When obtaining consent, ensure you do not have any pre-ticked boxes or a default consent. You must name any third party controllers who rely on consent and allow people to easily withdraw consent at any time. It’s also important to keep evidence of the consent including information that would satisfy questions about ‘when’, ‘how’ and ‘who’.
GDPR Personal Data Breach
Unfortunately, a data breach is somewhat inevitable. Information gets lost or potentially falls in the hands of those who were never intended to see it. With this in mind, you are expected to put in place comprehensive governance measures, as suggested by the Data Protection Commission. These measures should minimise the risk of a data breach and are often the responsibility of an individual (in a small organisation) or a department (in a larger organisation). Consider the need for budgets, systems and personnel that will be needed to enforce these.
It’s important to implement appropriate measures across the organisation, such as staff training or internal audits. These provisions will promote accountability and it’s important to keep documentation of these activities.
Organisations need to report certain types of data breaches to the relevant authority and, in some cases, inform the individuals affected. This is usually done through a data breach notification, delivered directly to the victim in one-to-one communication when needed. Data breaches that organisations are obliged to report involve those that are likely to result in a risk to the rights and freedoms of the individuals. This may lead to reputation damage, discrimination, financial loss or social disadvantage.
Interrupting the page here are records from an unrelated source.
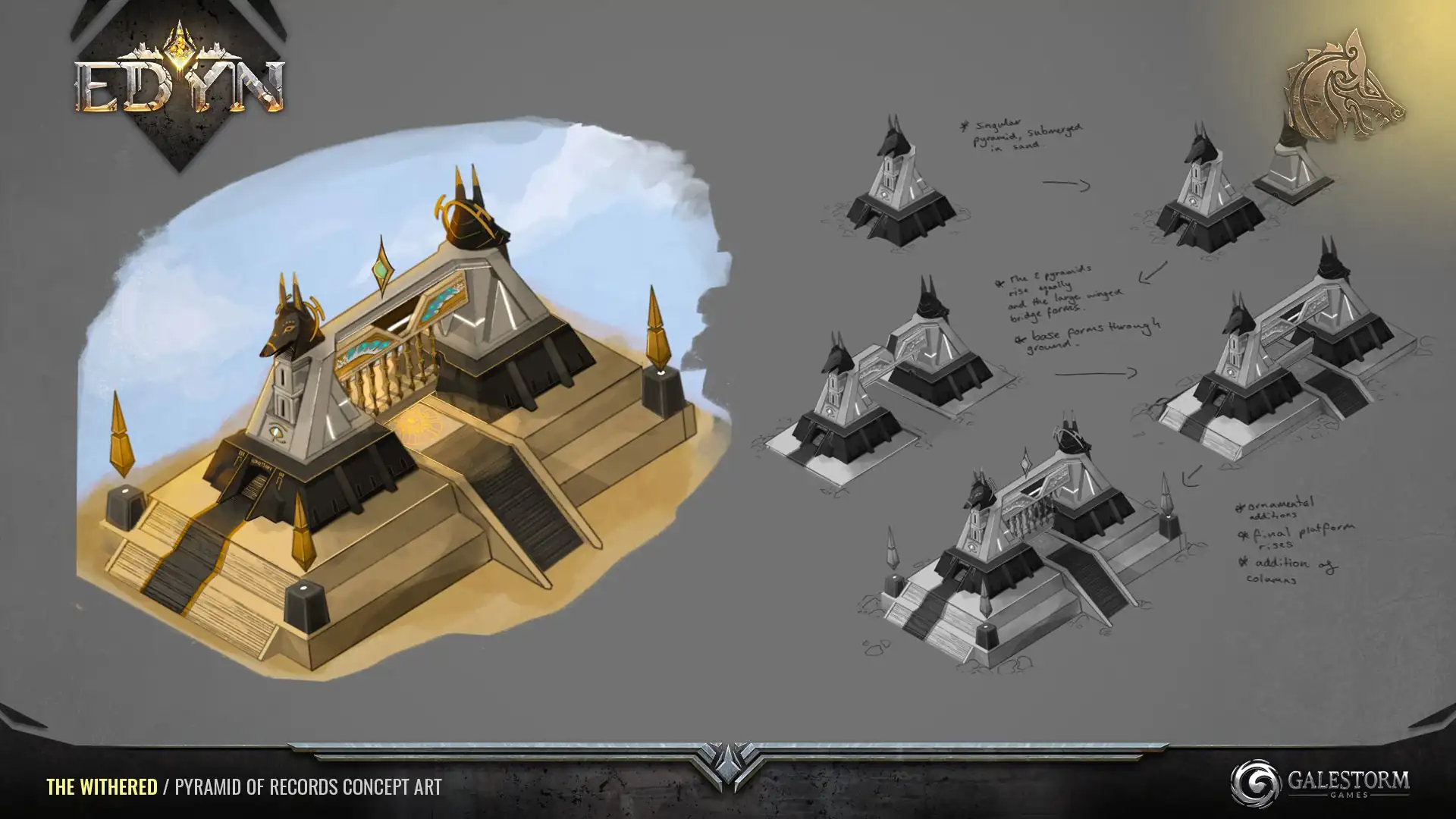 These imposing pyramids contain the collected knowledge of the entire race sealed within their vaults. Their archives are the most well-kept and preserved in all of Edyn. Somewhere, written in their meticulously categorised papyrus scrolls, the power to dominate the other nations lies just waiting to be discovered.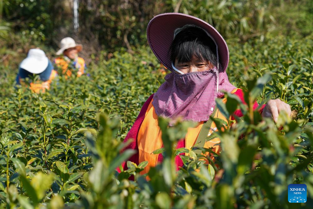 NANJING, 17 marzo, 2025 (Xinhua) -- Agricultoras recolectan hojas de té en un jardín de té de un parque de demostración agrícola, en el distrito de Wuzhong, en la ciudad de Suzhou, en la provincia de Jiangsu, en el este de China, el 17 de marzo de 2025. La temporada de cosecha de Biluochun, una de las principales variedades de té en China y la especialidad de Suzhou, ha llegado recientemente. Los agricultores en el distrito de Wuzhong de Suzhou se encuentran ocupados cosechando hojas de té previo al Festival Qingming para producir el té de Mingqian (literalmente "pre-Qingming"), que se elabora con los primeros brotes de té de la primavera y se considera de alta calidad. (Xinhua/Li Bo)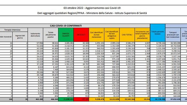 Sono 13.316 i nuovi casi di Covid registrati nelle ultime 24 ore in Italia (contro i 28.509 del giorno precedente), su 85.693 tamponi effettuati. Il tasso di positività si attesta al 15,5% (-3,8% rispetto a domenica). I morti sono 47 (mentre ieri erano stati 20). Aumentano i ricoverati in terapia intensiva (+7) e quelli nei reparti ordinari (+228). I guariti odierni sono 14.269.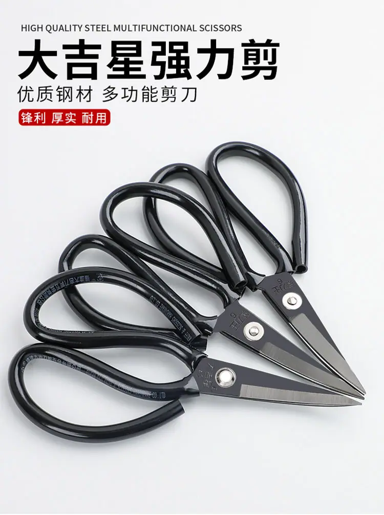 Tesoura de balancim grande Jixing Tesoura de cotovelo Tesoura de aço carbono forte Tesoura civil Tesoura de couro para roupas Tesoura doméstica

Data breaches must be reported to the relevant Supervisory Authority within 72 hours of the organisation becoming aware of it. This must include the approximate number of individuals compromised, the categories of information and a description of the potential consequences. This may include identity fraud or theft of money. The Data Protection Officer or main point of contact dealing with the breach must include their contact details in the report.
Fines and Penalties
If you don’t comply with GDPR you could receive a fine, the value of which is dependent on the severity of the breach and whether the organisation is thought to have taken regulations and compliance seriously enough.
The maximum fine of 20 million euros, or 4% of the organisation’s worldwide turnover (whichever is greater), is for breaches of the rights of data subjects, unauthorised international transfers of Personal Data and failure to put the correct procedures in place. Other fines will be applied if organisations mishandle data, for example, the failure to report a data breach or to ensure data protection in the first instance.
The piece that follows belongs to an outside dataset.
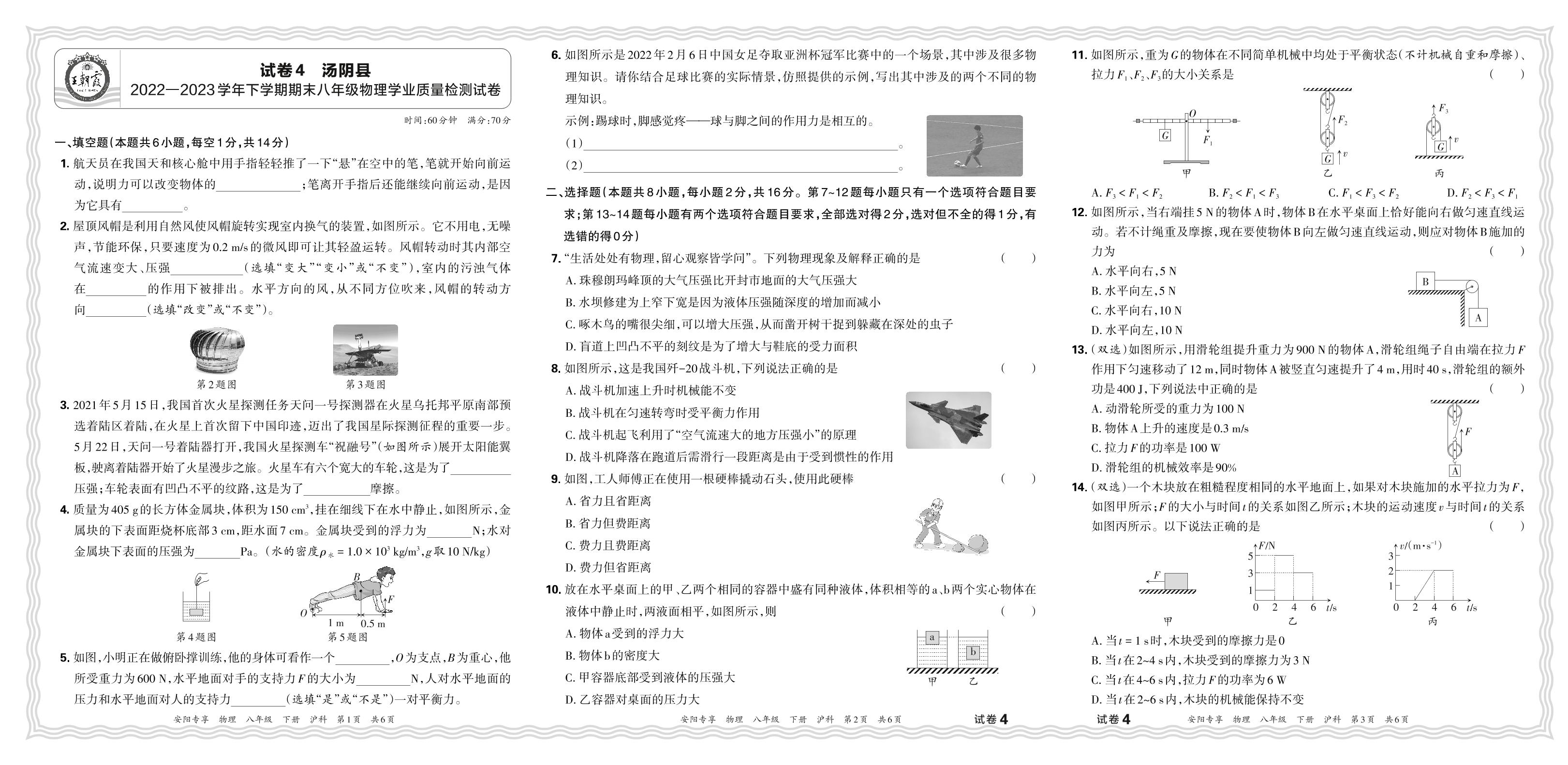 河南省安阳市汤阴县2022-2023学年下学期期末八年级物理学业质量检测试卷(沪科版)【4】

How to Start Being GDPR Compliant
There is no single ‘right way’ to approach GDPR as all organisations are different. It’s important to know what needs to be done to be compliant and who their Data Controller is for each data processing activity so there is someone to manage the responsibility and ensure it happens. To be compliant, you must capture data legally and ensure consent is obtained where it is needed. Once captured, personal data must be managed and used in a way that meets compliance requirements also. To ensure your organisation adopts good GDPR compliance mechanisms, and every data process is legislatively robust, we recommend:
- A comprehensive audit: A full assessment and audit of your organisation’ data practices, from end to end.
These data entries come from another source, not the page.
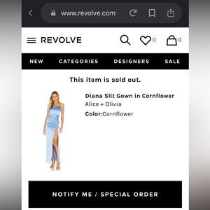 NWT. Alice + Olivia Diana V-Neck High Slit Maxi Dress. Cornflower Blue. Sold out Revolve Style!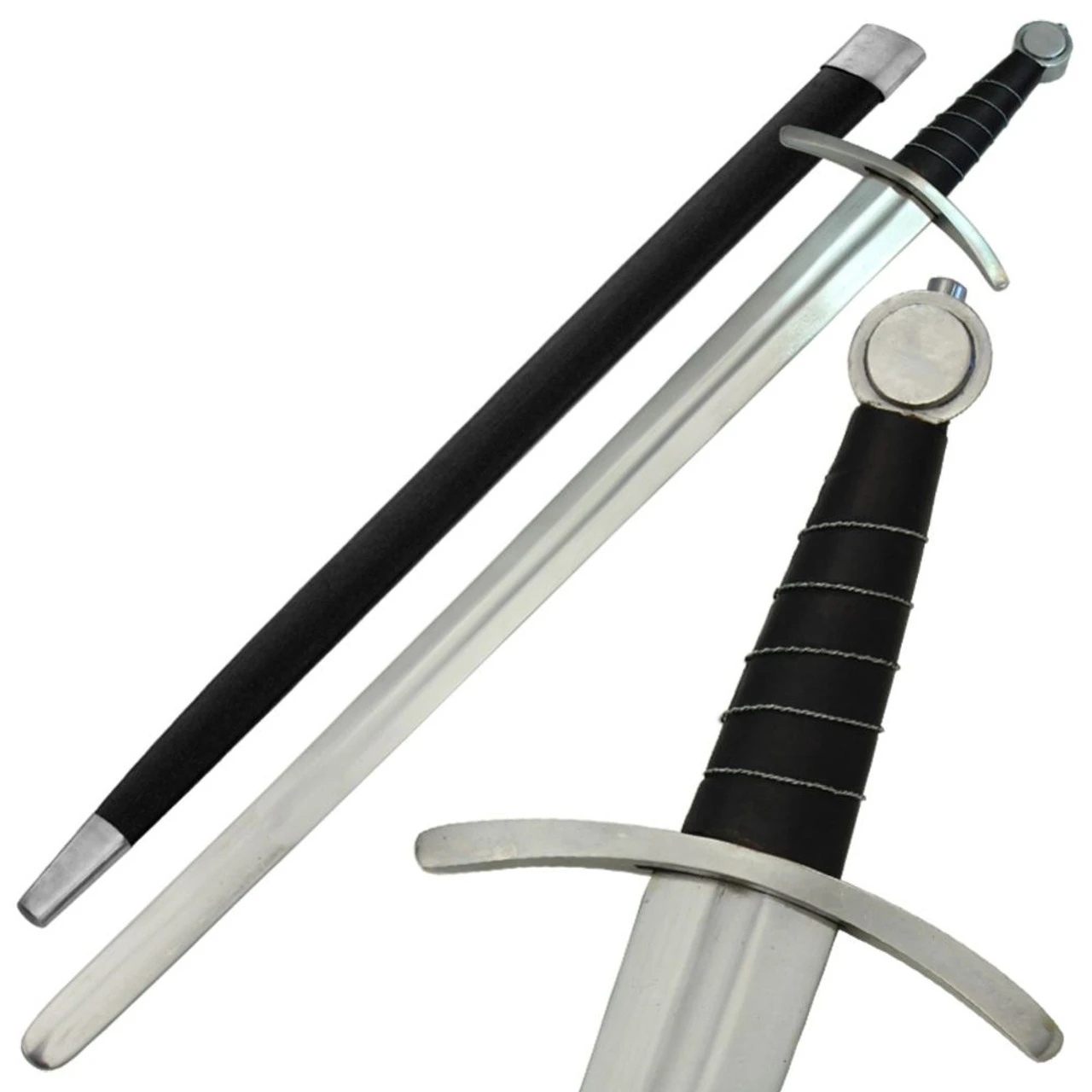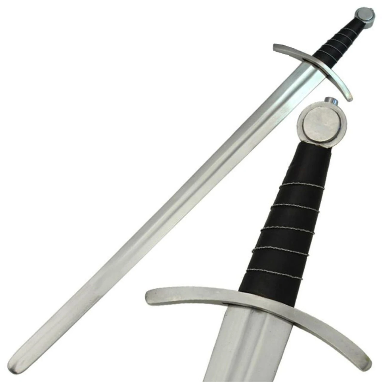 The Last Crusader Medieval Knights Renaissance Broadsword Replica is constructed of mirror polished steel with a factory edge. The handle is wrapped in leather with twisted wire for decoration. Overall length is 36.50 inches.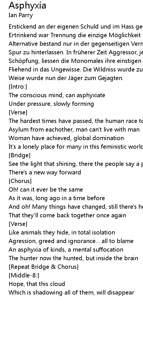 | Erstickend an der eigenen Schuld und im Hass gegenü ber ihres Gleichen | |

- Minding the gaps: We’ve yet to find an organisation that was fully compliant, off the bat. The gaps between theory and practice are often larger than you realise, but they can be closed.
- Finding the most reliable route: Yes, the distance between two points is often a straight line. Sourcing and hiring a GDPR consultant who knows their stuff, and can back up your data processes with technology, is your most reliable route.
- Keeping up with the monitoring: Constant monitoring of the processing activities within your organisation and compliance checks are essential.